TCAMs are useful for all manner of search operations because they provide an O(1) matching operation. Used regularly in routers; could use them for implementing part of a SQL query for example. Sucks up power, though. Goal: make something that provides fast search without the power devoural. Idea: provide a virtual match-o-matic implemented using some real TCAMs and some backing store implemented as ordinary memory ("location-addressable memory", by contrast with CAM). Can implement an appropriate data structure in the LAM, e.g. an ordinary hash table. Then to find something you'd hash to find the right "page" of memory, load it into CAM, then do the O(1) last step. Or, could use another CAM to do the find-next-level-page operation. So you'd do a CAM operation to find the pages you're after, then page each into second-level CAM and do the search for each. I think. This is pretty complicated! (cs)
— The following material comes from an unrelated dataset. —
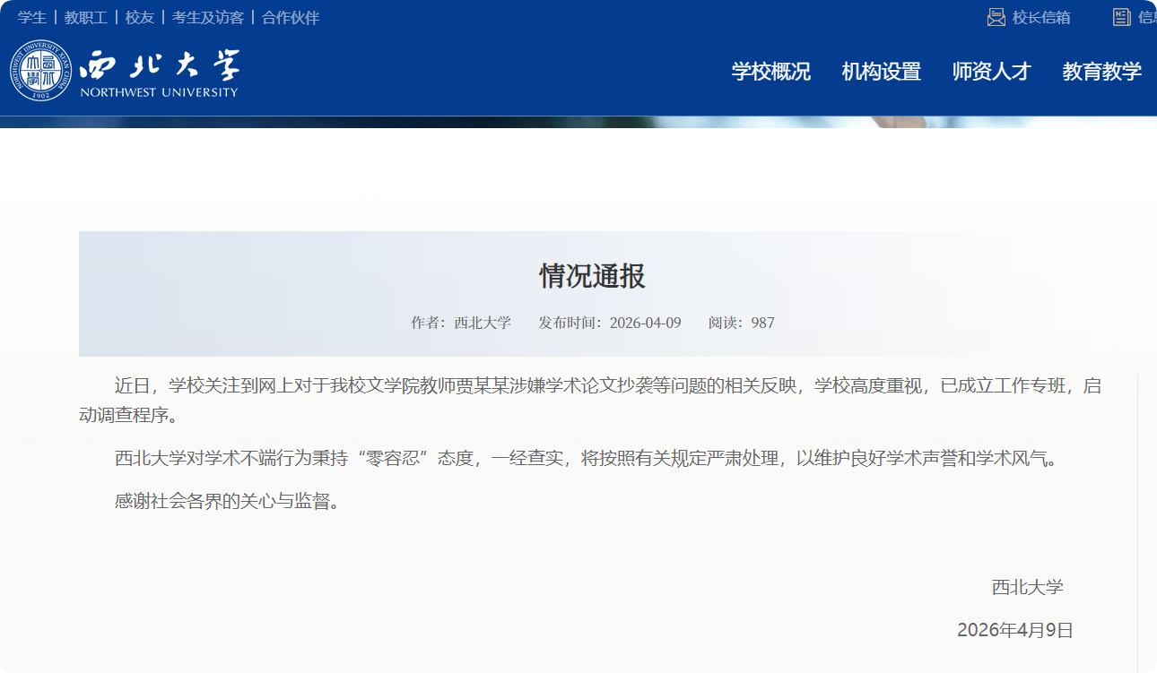 通报称,近日,西北大学关注到网上对于该校文学院教师贾某某涉嫌学术论文抄袭等问题的相关反映,学校高度重视,已成立工作专班,启动调查程序。

The Best of Both Worlds with On-Demand Virtualisation

Virtualisation isn't ubiquitous. They argue this is because it imposes overhead at all times, and can cripple your h/w e.g. graphics, or anything else not using an easy-to-forward device interface. So: let's virtualise on demand -- pay the costs when you use it. Use cases: in the data centre, virtualise when utilisation is low. In desktop environment, use it when you need to kernel-debug, or do migration, or... Main challenge: how to migrate to/from VMM. Propose to use hibernate/suspend since they record the complete machine state in memory. Device switching to be implemented by running a stub "virtual disk" --> real disk driver most of the time, which is capable of transparent hotplugging. Device migration is made easy by the hibernate operation. Obviously some devices will mysteriously go missing during the hibernate, e.g. the GPU; this is probably acceptable as the OS needs to anticipate this during ordinary hibernation. (cs)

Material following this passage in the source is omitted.